PROBLEM TO SOLVE
Below this line is a listing that includes pictures. Copy exactly, and only, the lines from the one containing "- 【ふるさと納税】<選べる> みやまのきよみず米" through the one containing "毛先とボリュームのメンテナン"; the pictures do not go in the copy.

MATERIAL SUPPLIED
━━━━━━━━━━━━━━━━━━━━━━━━━━━━━━
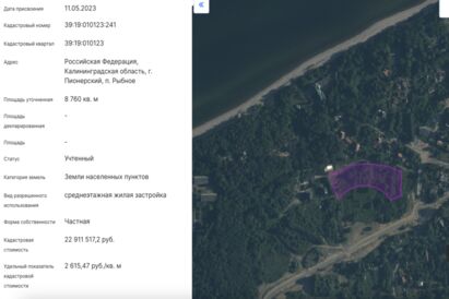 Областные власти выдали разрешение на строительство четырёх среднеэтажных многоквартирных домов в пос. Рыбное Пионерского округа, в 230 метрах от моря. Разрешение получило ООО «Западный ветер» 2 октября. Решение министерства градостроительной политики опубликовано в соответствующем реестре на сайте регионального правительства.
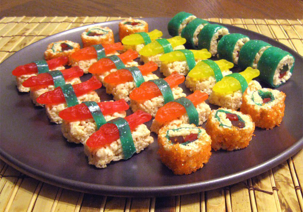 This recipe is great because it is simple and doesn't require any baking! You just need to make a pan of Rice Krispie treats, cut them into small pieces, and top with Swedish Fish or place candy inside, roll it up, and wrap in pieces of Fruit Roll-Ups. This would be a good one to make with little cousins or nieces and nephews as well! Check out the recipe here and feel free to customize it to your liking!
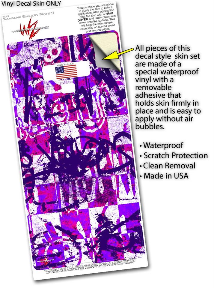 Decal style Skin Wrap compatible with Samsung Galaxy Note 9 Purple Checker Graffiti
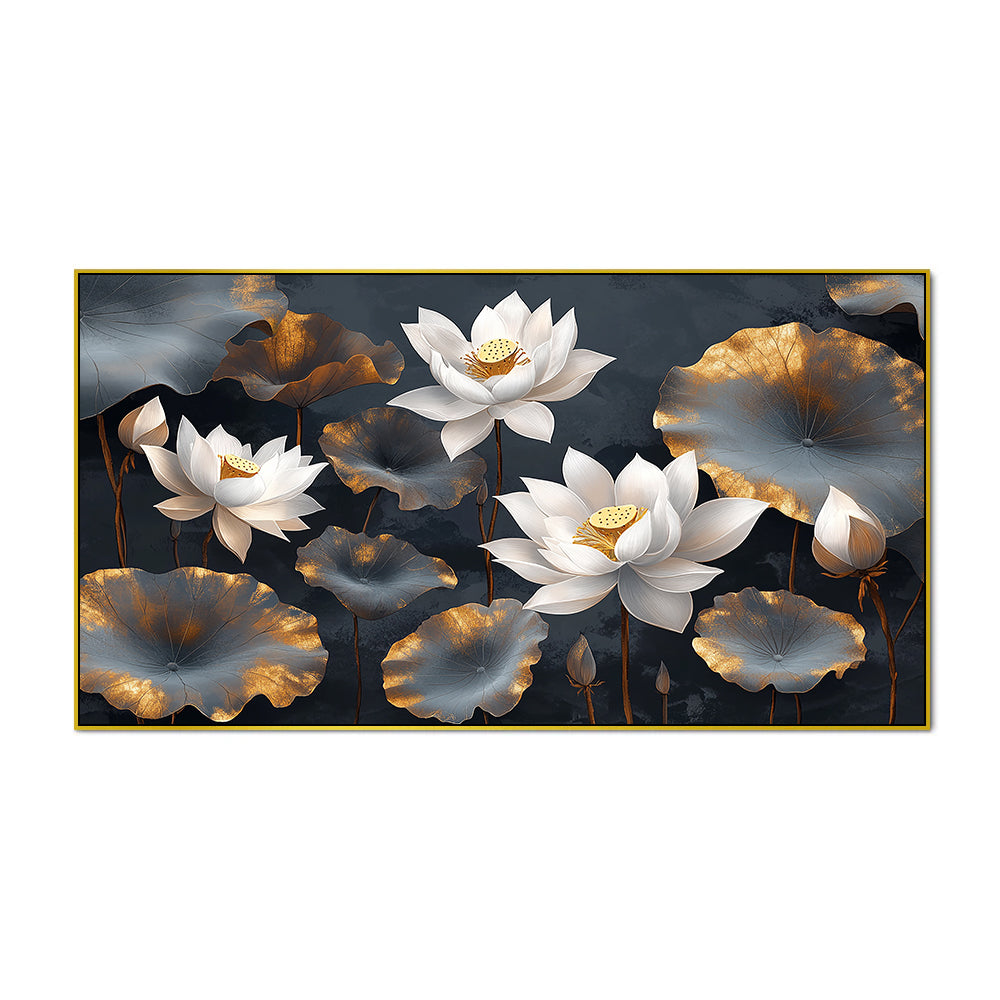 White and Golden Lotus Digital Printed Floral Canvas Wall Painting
━━━━━━━━━━━━━━━━━━━━━━━━━━━━━━
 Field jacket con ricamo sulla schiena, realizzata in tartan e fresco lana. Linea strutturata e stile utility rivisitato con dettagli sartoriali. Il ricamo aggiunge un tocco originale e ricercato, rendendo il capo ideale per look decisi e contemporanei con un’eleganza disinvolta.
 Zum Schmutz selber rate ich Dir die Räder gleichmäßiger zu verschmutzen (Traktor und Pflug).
━━━━━━━━━━━━━━━━━━━━━━━━━━━━━━
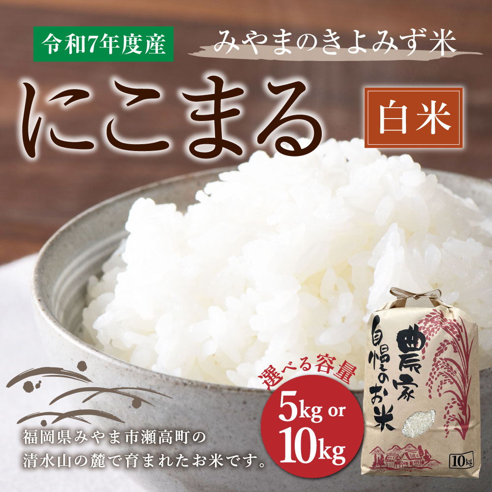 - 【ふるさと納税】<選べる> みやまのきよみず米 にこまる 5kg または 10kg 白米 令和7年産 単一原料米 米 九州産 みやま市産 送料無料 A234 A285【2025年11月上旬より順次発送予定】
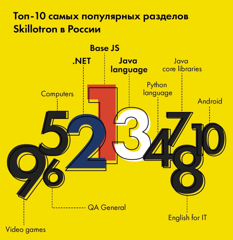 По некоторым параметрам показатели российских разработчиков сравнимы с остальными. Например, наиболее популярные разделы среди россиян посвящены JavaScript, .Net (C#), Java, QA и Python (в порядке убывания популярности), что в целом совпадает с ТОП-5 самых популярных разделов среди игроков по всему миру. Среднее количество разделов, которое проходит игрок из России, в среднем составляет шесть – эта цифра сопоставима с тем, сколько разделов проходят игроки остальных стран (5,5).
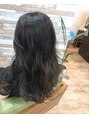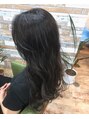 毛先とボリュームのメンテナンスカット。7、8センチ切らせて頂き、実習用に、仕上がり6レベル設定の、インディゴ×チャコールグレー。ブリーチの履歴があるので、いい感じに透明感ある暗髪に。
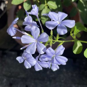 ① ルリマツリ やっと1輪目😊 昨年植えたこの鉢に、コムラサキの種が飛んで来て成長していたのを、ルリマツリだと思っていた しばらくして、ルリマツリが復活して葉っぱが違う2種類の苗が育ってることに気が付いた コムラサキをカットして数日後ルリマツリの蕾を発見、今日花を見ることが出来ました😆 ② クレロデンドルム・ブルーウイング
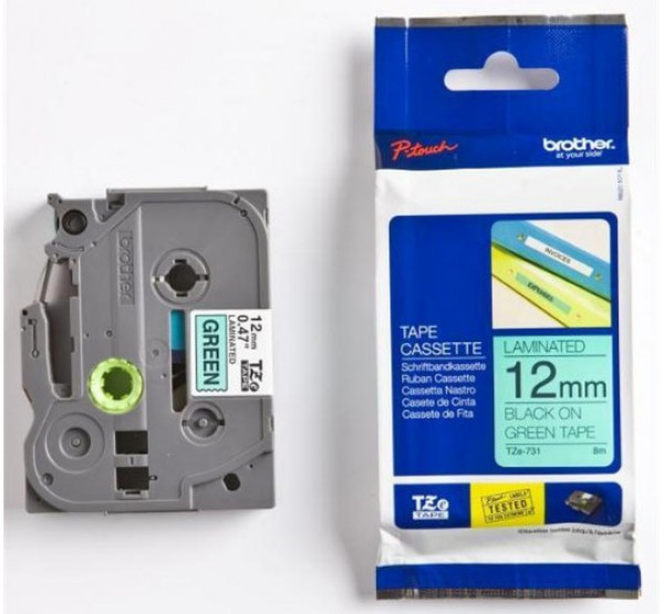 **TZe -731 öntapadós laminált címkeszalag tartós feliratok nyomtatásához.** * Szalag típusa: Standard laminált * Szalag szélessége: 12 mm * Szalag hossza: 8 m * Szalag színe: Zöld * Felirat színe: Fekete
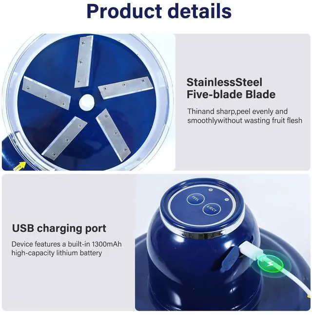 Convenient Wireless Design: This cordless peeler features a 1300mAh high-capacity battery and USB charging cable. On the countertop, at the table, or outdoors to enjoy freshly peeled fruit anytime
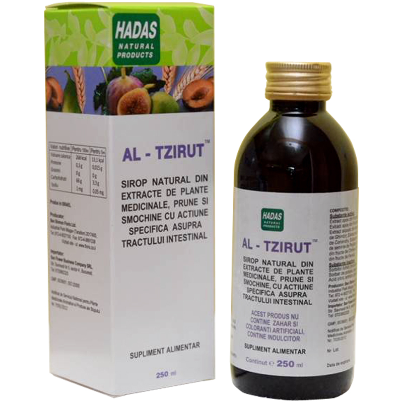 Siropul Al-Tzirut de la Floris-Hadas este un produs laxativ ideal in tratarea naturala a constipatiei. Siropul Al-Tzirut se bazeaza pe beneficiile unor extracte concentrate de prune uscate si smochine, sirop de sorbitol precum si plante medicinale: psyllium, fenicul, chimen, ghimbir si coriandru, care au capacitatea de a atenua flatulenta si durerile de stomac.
━━━━━━━━━━━━━━━━━━━━━━━━━━━━━━
OUTPUT OF THE TASK
 - 【ふるさと納税】<選べる> みやまのきよみず米 にこまる 5kg または 10kg 白米 令和7年産 単一原料米 米 九州産 みやま市産 送料無料 A234 A285【2025年11月上旬より順次発送予定】
 По некоторым параметрам показатели российских разработчиков сравнимы с остальными. Например, наиболее популярные разделы среди россиян посвящены JavaScript, .Net (C#), Java, QA и Python (в порядке убывания популярности), что в целом совпадает с ТОП-5 самых популярных разделов среди игроков по всему миру. Среднее количество разделов, которое проходит игрок из России, в среднем составляет шесть – эта цифра сопоставима с тем, сколько разделов проходят игроки остальных стран (5,5).
 毛先とボリュームのメンテナンスカット。7、8センチ切らせて頂き、実習用に、仕上がり6レベル設定の、インディゴ×チャコールグレー。ブリーチの履歴があるので、いい感じに透明感ある暗髪に。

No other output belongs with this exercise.